(Extracted records)
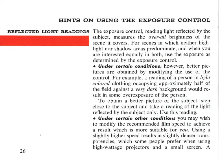 reflected by the subject only. Use this reading .
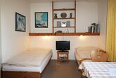 Hübsches, gemütliches Studio in der 1. Etage gelegen, mit zwei einzelnen Betten, einem Esstisch, einer kleinen Kochnische sowie Dusche/WC. Radio und CD Player, Fernseher und Telefon, kostenloses W-LAN sind ebenfalls in der Wohnung enthalten.
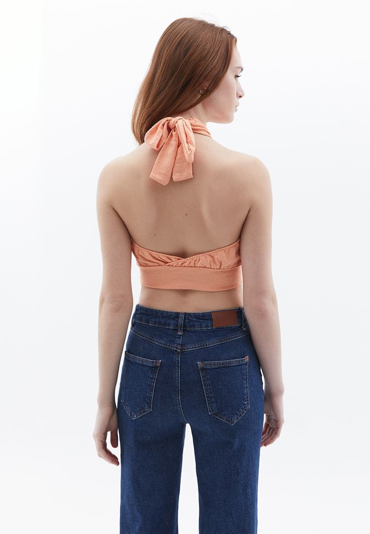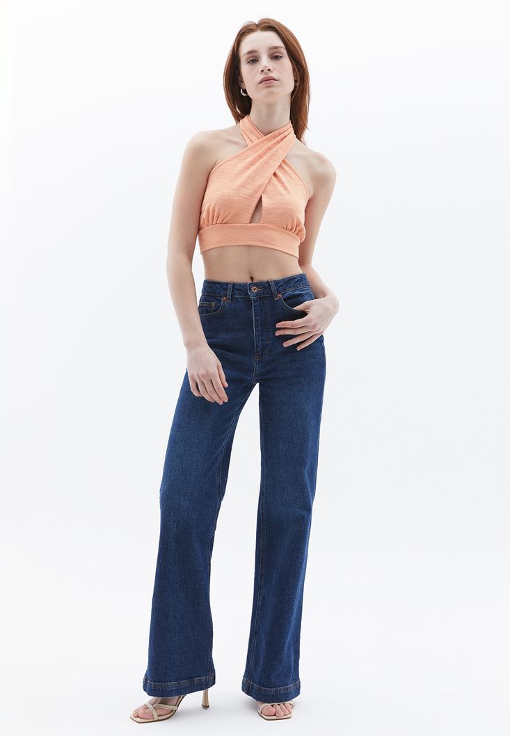 Halter Yaka Crop Top ve Çizgili Pantolon Kombini
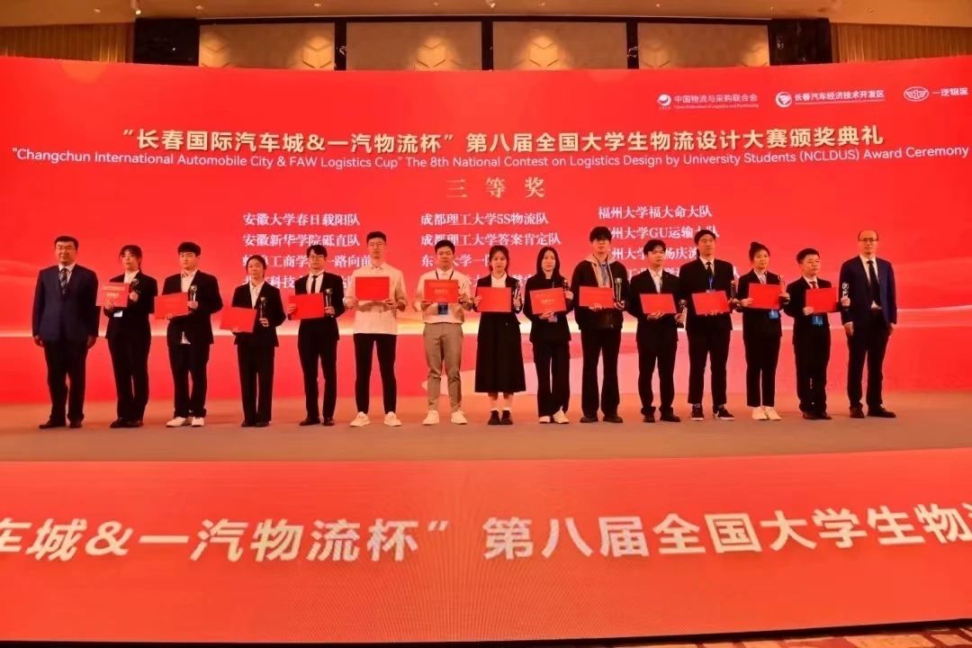 (本网讯)2024年5月26日,“长春国际汽车城&一汽物流杯”第八届全国大学生物流设计大赛在长春汽车职业技术大学圆满落幕。Beat365代表队与天津大学、华中科技大学、北京交通大学、长安大学、西南交通大学等众多985、211高校的参赛队伍同台竞技,发挥出色。Beat365工商管理学院参赛团队“汽”贯长虹队(指导教师:高昕欣老师、杨鹏教授),由22级物流管理专业的廖霨榛(队长)、何雯宇、胡书昊,21级物流管理专业的钟财龙和22级数据科学与大数据技术专业的罗岩5位同学组成,参赛作品《新质生产力赋能长春一汽物流园区高质量发展方案设计》荣获全国三等奖,5位同学均获得了《物流职业能力等级证书(中级)》(中物联)。
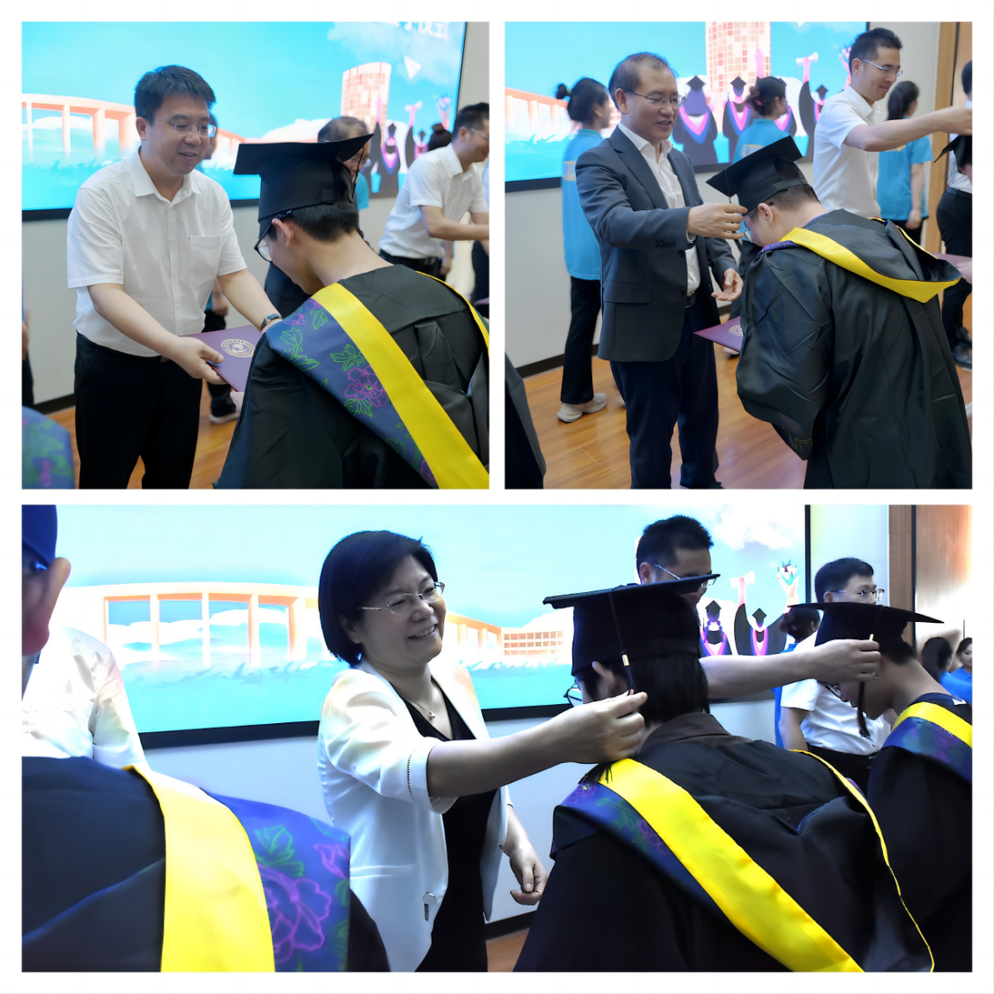 典礼上,许素安、王万强及机电学院相关负责人一起逐一为毕业生正冠拨穗、颁发证书,并合影留念。
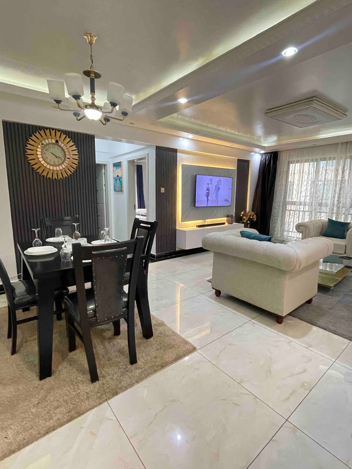 このスタイリッシュで広々とした宿泊先は、キリマニ地区の高級住宅街にあり、バックアップ発電機、バルコニー、ボアホール、監視カメラ、管理駐車場、エレベーター、ジム、子供用遊び場など、多くのアメニティ・設備があります。建物は24時間セキュリティと周囲の壁で安全です。この場所での滞在をぜひお楽しみください。
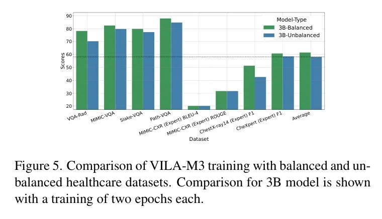 平衡 vs 不平衡数据集:数据集的原大小差异很大,特别是在VQA数据集和MIMIC-CXR之间的原始数字进行比较时。因此,作者在类别(基于VQA、专家、报告生成和分类类型)方面以分步方式增加低计数数据集的频率,以系统地平衡训练数据集。训练设置与第4.2节中概述的一致。训练数据集的频率计数表格可在补充材料中找到。

▶ **What is required**
The expected output is every entry above, retyped exactly, with the pictures removed.

▶ **Output below**
 reflected by the subject only. Use this reading .
 Hübsches, gemütliches Studio in der 1. Etage gelegen, mit zwei einzelnen Betten, einem Esstisch, einer kleinen Kochnische sowie Dusche/WC. Radio und CD Player, Fernseher und Telefon, kostenloses W-LAN sind ebenfalls in der Wohnung enthalten.
 Halter Yaka Crop Top ve Çizgili Pantolon Kombini
 (本网讯)2024年5月26日,“长春国际汽车城&一汽物流杯”第八届全国大学生物流设计大赛在长春汽车职业技术大学圆满落幕。Beat365代表队与天津大学、华中科技大学、北京交通大学、长安大学、西南交通大学等众多985、211高校的参赛队伍同台竞技,发挥出色。Beat365工商管理学院参赛团队“汽”贯长虹队(指导教师:高昕欣老师、杨鹏教授),由22级物流管理专业的廖霨榛(队长)、何雯宇、胡书昊,21级物流管理专业的钟财龙和22级数据科学与大数据技术专业的罗岩5位同学组成,参赛作品《新质生产力赋能长春一汽物流园区高质量发展方案设计》荣获全国三等奖,5位同学均获得了《物流职业能力等级证书(中级)》(中物联)。
 典礼上,许素安、王万强及机电学院相关负责人一起逐一为毕业生正冠拨穗、颁发证书,并合影留念。
 このスタイリッシュで広々とした宿泊先は、キリマニ地区の高級住宅街にあり、バックアップ発電機、バルコニー、ボアホール、監視カメラ、管理駐車場、エレベーター、ジム、子供用遊び場など、多くのアメニティ・設備があります。建物は24時間セキュリティと周囲の壁で安全です。この場所での滞在をぜひお楽しみください。
 平衡 vs 不平衡数据集:数据集的原大小差异很大,特别是在VQA数据集和MIMIC-CXR之间的原始数字进行比较时。因此,作者在类别(基于VQA、专家、报告生成和分类类型)方面以分步方式增加低计数数据集的频率,以系统地平衡训练数据集。训练设置与第4.2节中概述的一致。训练数据集的频率计数表格可在补充材料中找到。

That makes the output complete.